Studio album by Debbie Gibson
- Released: August 18, 1987
- Recorded: 1986–1987
- Studios: Z Studio, Brooklyn; Sorcerer Sound, NYC; Right Track, NYC; Quad Recording, NYC; International Sound, Miami;
- Genres: Dance-pop; teen pop;
- Length: 40:53
- Label: Atlantic
- Producers: Fred Zarr; Deborah Gibson; John Morales; Sergio Munzibai; Lewis A. Martineé;

Debbie Gibson chronology
|  | Out of the Blue (1987) | Electric Youth (1989) |

Singles from Out of the Blue
- "Only in My Dreams" Released: February 1987; "Shake Your Love" Released: September 1987; "Red Hot" Released: November 1987; "Out of the Blue" Released: January 1988; "Foolish Beat" Released: April 1988; "Staying Together" Released: September 1988;

= Out of the Blue (Debbie Gibson album) =

Out of the Blue is the debut studio album by American singer-songwriter Debbie Gibson, released on August 18, 1987, by Atlantic Records. The album received favorable reviews from music critics and sold more than three million copies in the United States (three times platinum by RIAA) and five million copies worldwide.

Professional ratings
Review scores
| Source | Rating |
| AllMusic | Star Half star |
| Number One | Star |
| The Village Voice | C+ |

== Background ==
A 16-year-old Gibson wrote all ten songs on this album, which reveals her very early talent for composing. As executive producer, Douglas Breitbart of Broadbeard Productions, Inc. (whom Gibson's mother had hired as manager five years before), assembled a team of producers from both New York and Florida: Fred Zarr, John Morales, Sergio Munzibai and Lewis A. Martineé.

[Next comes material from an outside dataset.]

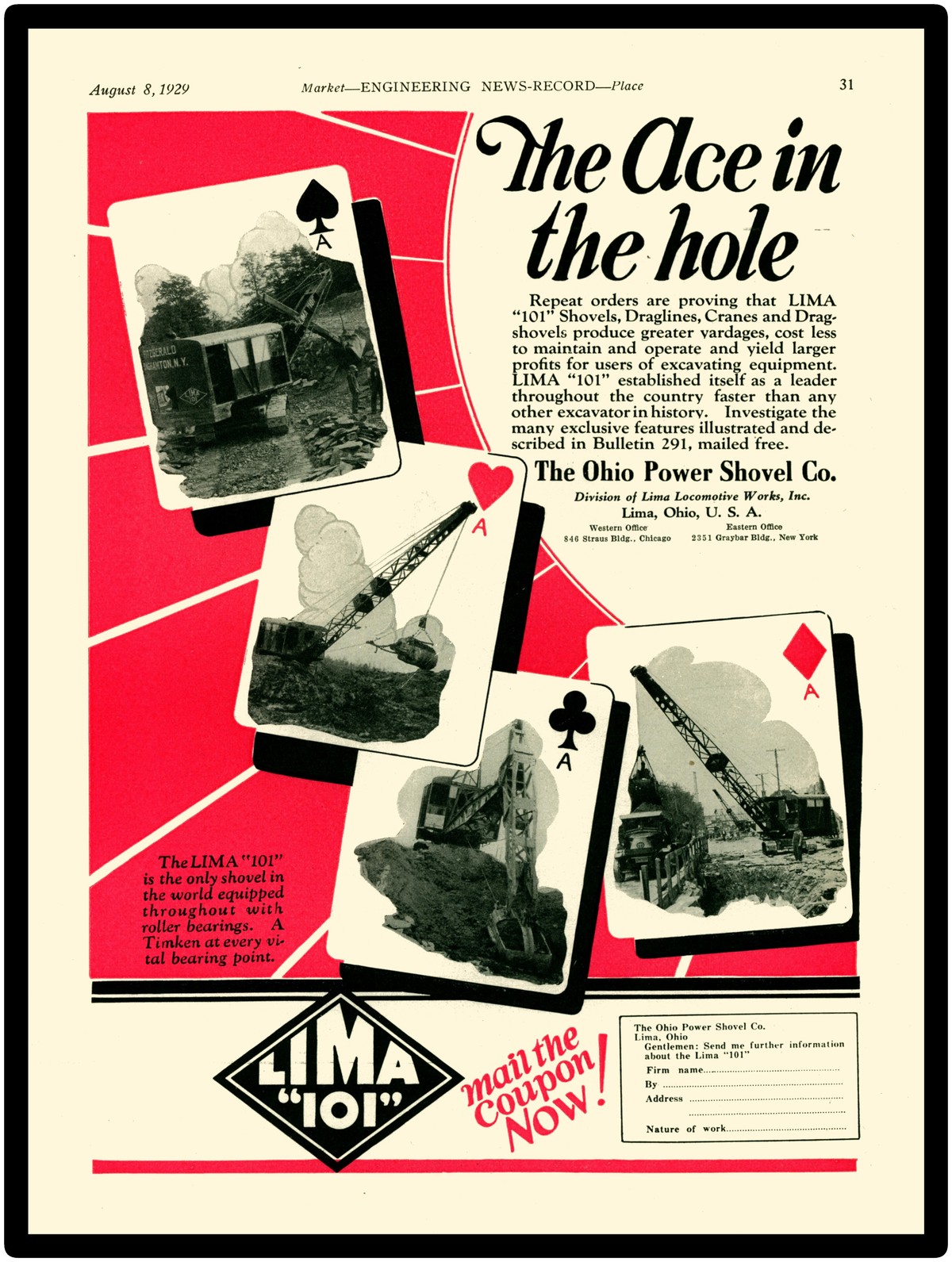 Collectible 1929 Lima Locomotive Works’ Ohio Power Shovel New Metal Sign: Ace in the Hole.

Zarr produced "Shake Your Love" and "Fallen Angel" in addition to "Only in My Dreams," and co-produced "Out of the Blue," "Staying Together" and "Wake Up to Love" with Gibson, sole producer for "Foolish Beat." Morales and Munzibai produced "Red Hot" and "Between the Lines." Martineé produced "Play the Field".

While posing for the album cover, the photographer told Gibson that her knee was pulling focus. She refused to change her pose so a compromise was reached with the makeup artist drawing a face on her knee. Consequently, this became a trend among her young female fans.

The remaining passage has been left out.